And, really, the propeller I’m thinking of inventing
does whiz around.”
“But are you going to use a
tractor or pusher type?” Tom wanted to know.
“It’s a combination of
both,” answered Mr. Damon. “As it
is now, Tom, you have to get an aeroplane in pretty
speedy motion before it will rise from the ground,
don’t you?”
“Yes, of course. That’s
the principle on which an aeroplane rises and keeps
aloft, by its speed in the air. As soon as that
speed stops it begins to fall, or volplane, as we call
it.”
“Exactly. Now, instead
of having to depend on the speed of the aeroplane
for this, why not depend on the speed of the propeller
—in other words, the whizzer?”
“Well, we do,” said Tom,
a bit puzzled as to what his friend was trying to
get at. “If the propeller didn’t move
the airship wouldn’t rise—that is,
unless it’s of the balloon type.”
“What I mean,” said Mr.
Damon, “is to have an aeroplane that will move
in the air the same as a boat moves in the water.

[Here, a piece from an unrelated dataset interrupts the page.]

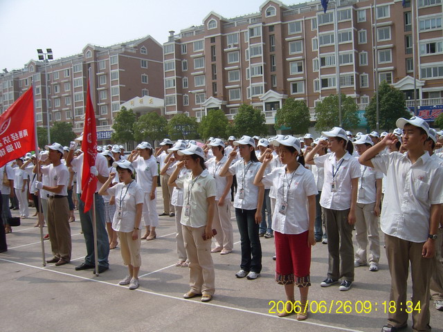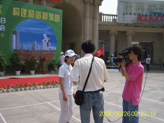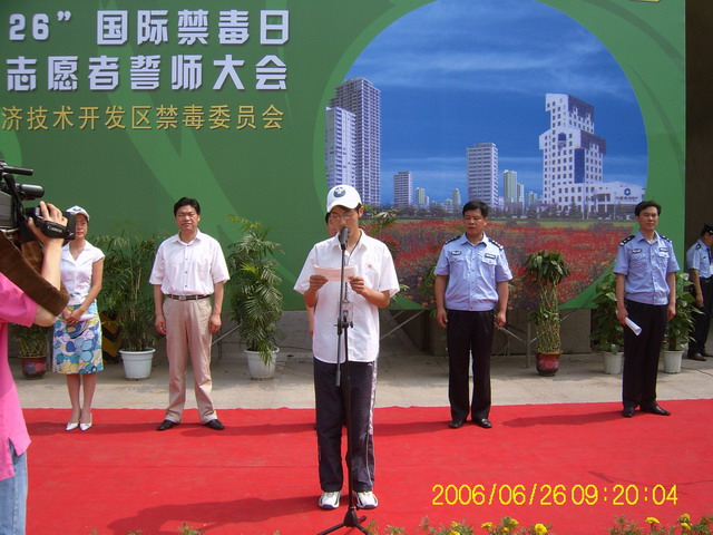 2006年6月26日,南通经济技术开发区禁毒志愿者誓师大会在爱玛花园南门广场隆重举行,我校60多名禁毒志愿者参与了此次活动,高二(3)班季龙同学代表全体禁毒志愿者发言,瞿丽华同学接受了南通电视台的采访,图片如下: |

You don’t have to get the propeller of a boat
racing around at the rate of a million revolutions
a minute, more or less, before your boat will travel,
do you? If the engine turns the screw, or propeller,
just over say fifty times a minute you would get some
motion of the boat, wouldn’t you?”
“Why, yes, some,” admitted Tom.
“And what causes it?” asked Mr. Damon,
anticipating a triumph.
“The resistance of the water
to the blades of the screw, or propeller,” answered
Tom.
“Exactly! And it’s
the resistance of the air to the blades of an airship
propeller that sends the craft along, isn’t it?”
“Yes. And because of the
difference in density between air and water it becomes
necessary to revolve an aeroplane propeller many times
faster than a boat propeller. It’s the density
that makes the difference, Mr. Damon. If air
were as dense as water we could have comparatively
slow-moving motors and propellers and—”
“Ha! There you have it,
Tom! And there is where my Whizzer—
Wakefield Damon’s Whizzer—is going
to revolutionize air travel!” cried the eccentric
man. “The difference in density! If
air were as dense as water the problem would be solved.
And I have solved it! I’m going to turn
the trick, Tom! One more question. How can
air be made as dense as water, Tom Swift?”

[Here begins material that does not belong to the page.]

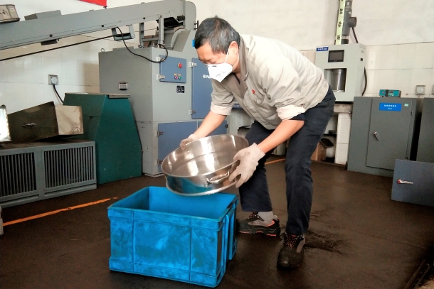 圖為該公司燃料采制員對存查煤樣抽查樣品進行制備

“Why, by condensation or compression,
I suppose,” was the rather slow answer.
“You know they have condensed, or compressed,
air until it is liquid. I’ve done it myself,
as an experiment.”
“That’s it, Tom!
That’s it!” cried Mr. Damon in delight.
“Compressed air will do the trick! Not compressed
to a liquid, exactly, but almost so. I’m
going to revolve the propellers of my new airship
in compressed air, so dense that they will not have
to have a speed of more than seven hundred revolutions
a minute. What’s that compared to the three
to ten thousand revolutions of the propellers now
used? The propellers of Damon’s Whizzer
will be of the pusher type, and will revolve in dense,
compressed air, almost like water, and that will do
away with high speed motors, with all their complications,
and make traveling in the clouds as simple as taking
out a little one-cylinder motor boat. How’s
that, Tom Swift? How’s that for an idea?”
To Mr. Damon’s disappointment,
Tom was not enthusiastic. The young inventor
gazed at his eccentric friend, and then said slowly:
“Well, that’s all right
in theory, but how is it going to work out in practice?”
“That’s what I came to
see you about, Tom,” was the reply. “Bless
my tall hat! but that’s just why I hurried over
here. I wanted to tell you when I saw you going
off on a trip with Miss Nestor. That’s
my big idea—Damon’s Whizzer —propellers
revolving in compressed air like water. Isn’t
that great?”
“I’m sorry to shatter
your air castle,” said Tom; “but for the
life of me I can’t see how it will work.
Of course, in theory, if you could revolve a big-bladed
propeller in very dense, or in liquid, air, there
would be more resistance than in the rarefied atmosphere
of the upper regions. And, if this could be done,
I grant you that you could use slower motors and smaller
propeller blades—more like those of a motor
boat. But how are you going to get the condensed
air?”
“Make it!” said Mr. Damon
promptly. “Air pumps are cheap. Just
carry one or two on board the aeroplane, and condense
the air as you go along. That’s a small
detail that can easily be worked out. I leave
that to you.”
“I’d rather you wouldn’t,”
said Tom. “That’s the whole difficulty—compressing
your air. Wait! I’ll explain it to
you.”
Then the young inventor went into
details. He told of the ponderous machinery needed
to condense air to a form approximating water, and
spoke of the terrible pressure exerted by the liquid
atmosphere.
“Anything that you would gain
by having a slow-speed motor and smaller propeller
blades, would be lost by the ponderous air-condensing
machinery you would need,” Tom told Mr. Damon.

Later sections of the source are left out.